[Dataset]
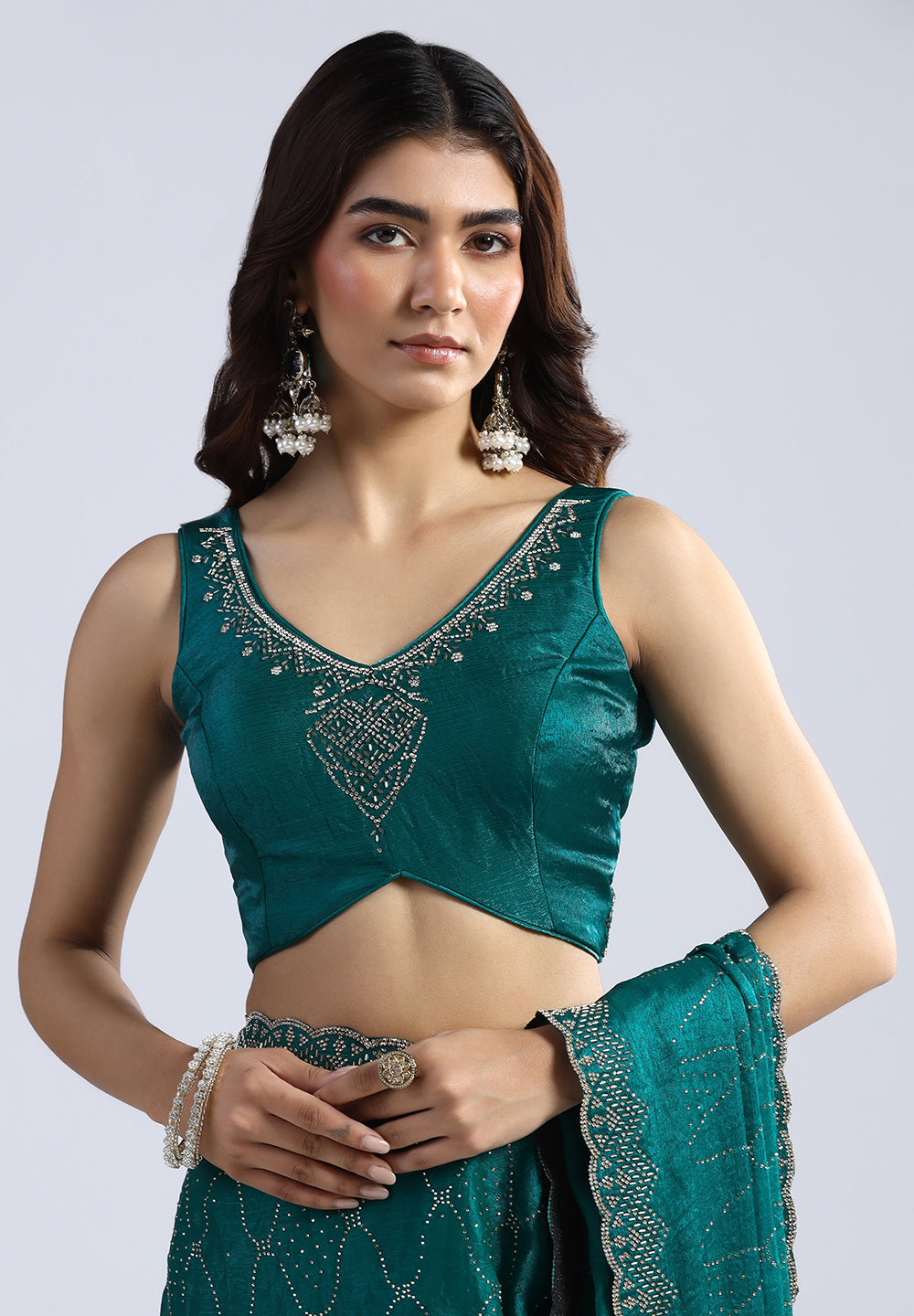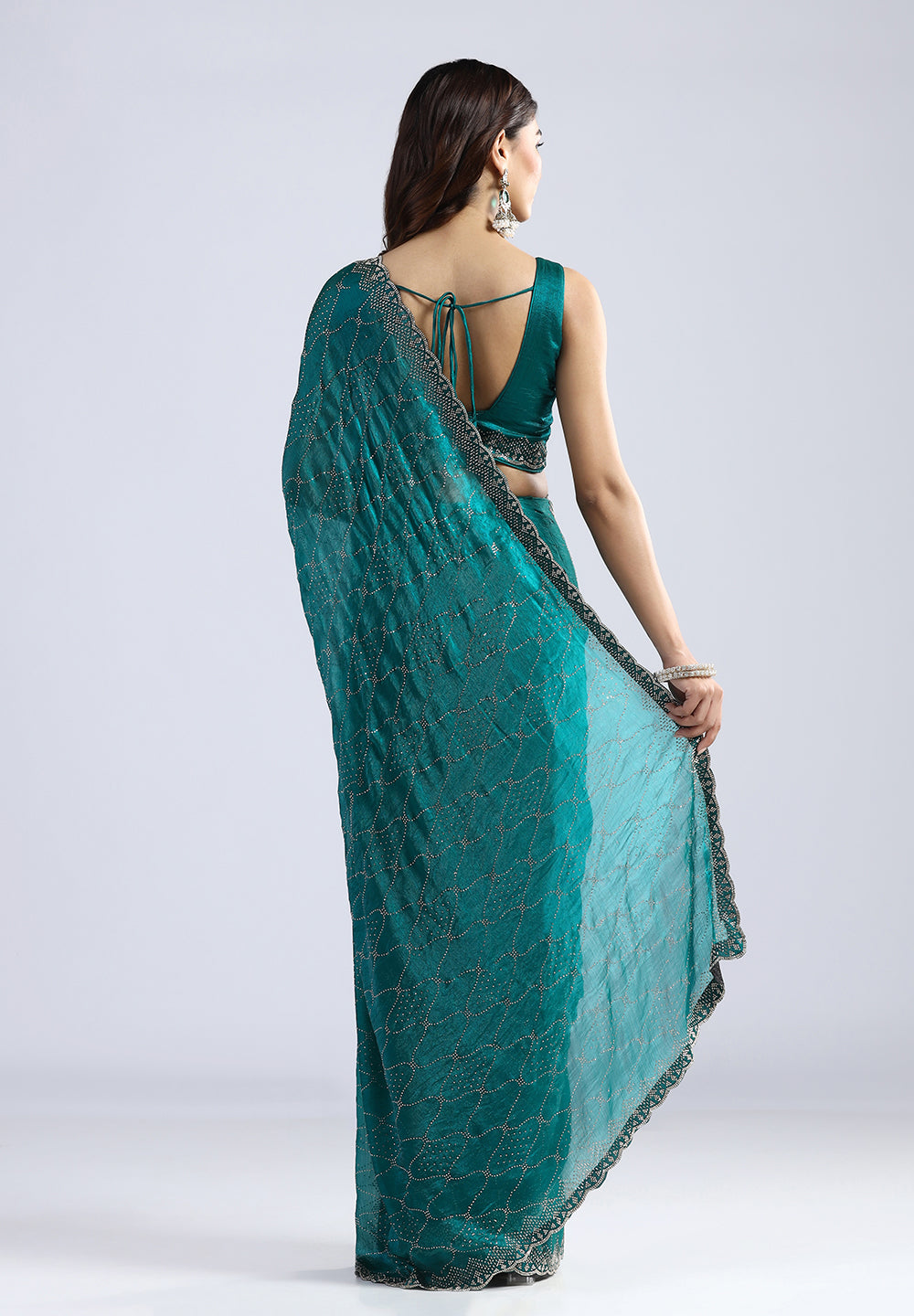 Teal Radiance Hand-Printed Organza Saree with Scalloped Beadwork₹ 4,385₹ 3,508
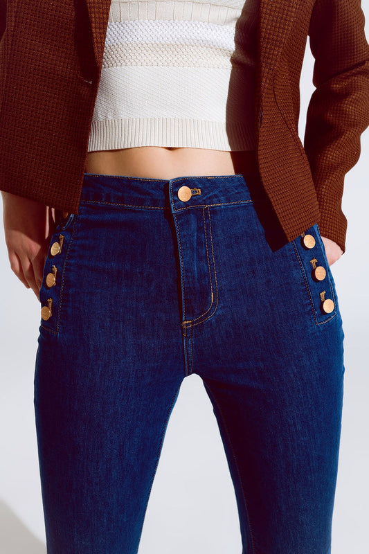 Skinny Flared Jeans in Dark Blue With Button Detail
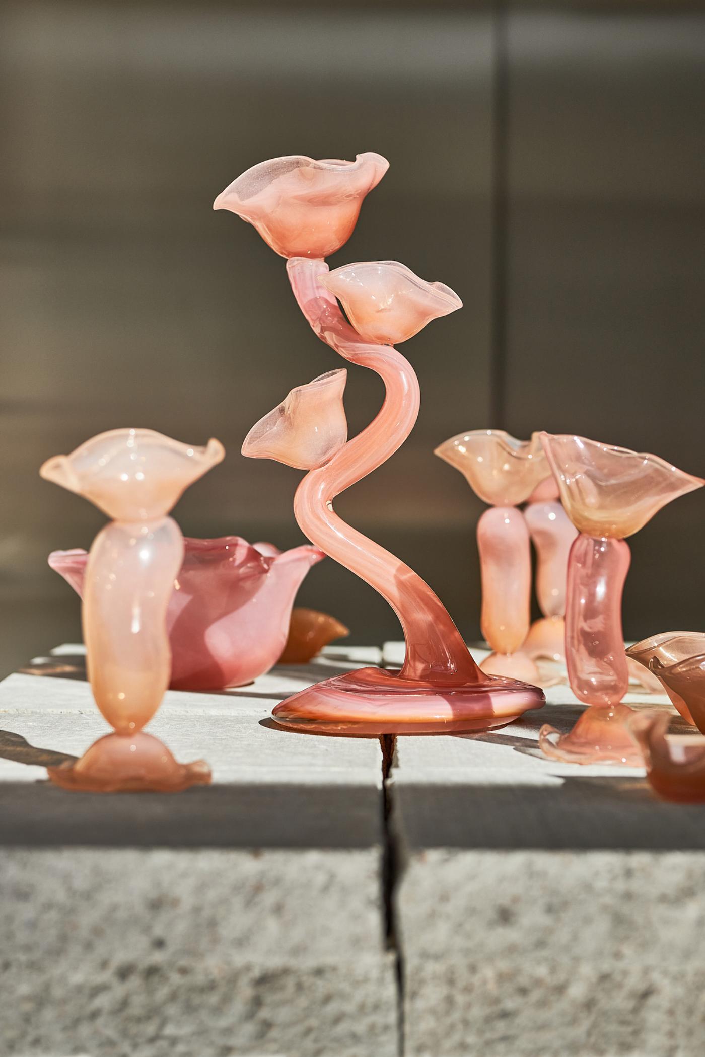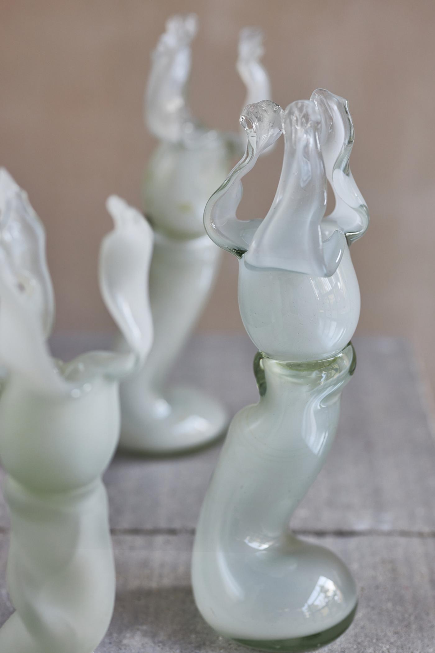 Filomena Smoła przeszła drogę od action painting do szkła – materiału, który reaguje na każdy oddech i ruch dłoni. W Stanach Zjednoczonych, gdzie pracowała w duchu American Studio Glass Movement, zrozumiała, że proces dmuchania szkła to nie tylko technika, ale swoisty taniec z materią. Jako jedna z nielicznych kobiet-dmuchaczek, napędza formy gestem i własnym oddechem, nadając im kształt poprzez czysto cielesny rytuał.
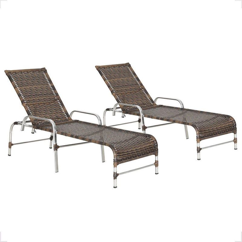 2 Espreguiçadeiras Reclinável Catar, Alumínio Polido E Fibra Argila
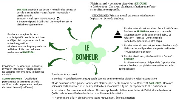 - Plaisirs naturels, non nécessaires : Bonheur → ⚠ Maîtrise sinon dépendance et perte de liberté ⇒ Aliénation ≠ Bonheur
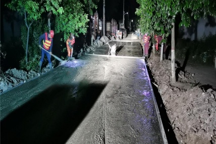 凌晨時(shí)分,城市的萬(wàn)千燈火漸弱,界首農(nóng)村公路項(xiàng)目工地上卻燈火通明,挖掘機(jī)、灰土拌合機(jī)、混凝土拌合站轟鳴聲此起彼伏,工程運(yùn)輸車來(lái)回穿梭,一片忙碌的景象。

[Task description] Print, exactly and with no pictures, the lines of the listing above starting at the one that has "Filomena Smoła przeszła" and ending at the one that has "- Plaisirs naturels, non", both included.

[Written response]
 Filomena Smoła przeszła drogę od action painting do szkła – materiału, który reaguje na każdy oddech i ruch dłoni. W Stanach Zjednoczonych, gdzie pracowała w duchu American Studio Glass Movement, zrozumiała, że proces dmuchania szkła to nie tylko technika, ale swoisty taniec z materią. Jako jedna z nielicznych kobiet-dmuchaczek, napędza formy gestem i własnym oddechem, nadając im kształt poprzez czysto cielesny rytuał.
 2 Espreguiçadeiras Reclinável Catar, Alumínio Polido E Fibra Argila
 - Plaisirs naturels, non nécessaires : Bonheur → ⚠ Maîtrise sinon dépendance et perte de liberté ⇒ Aliénation ≠ Bonheur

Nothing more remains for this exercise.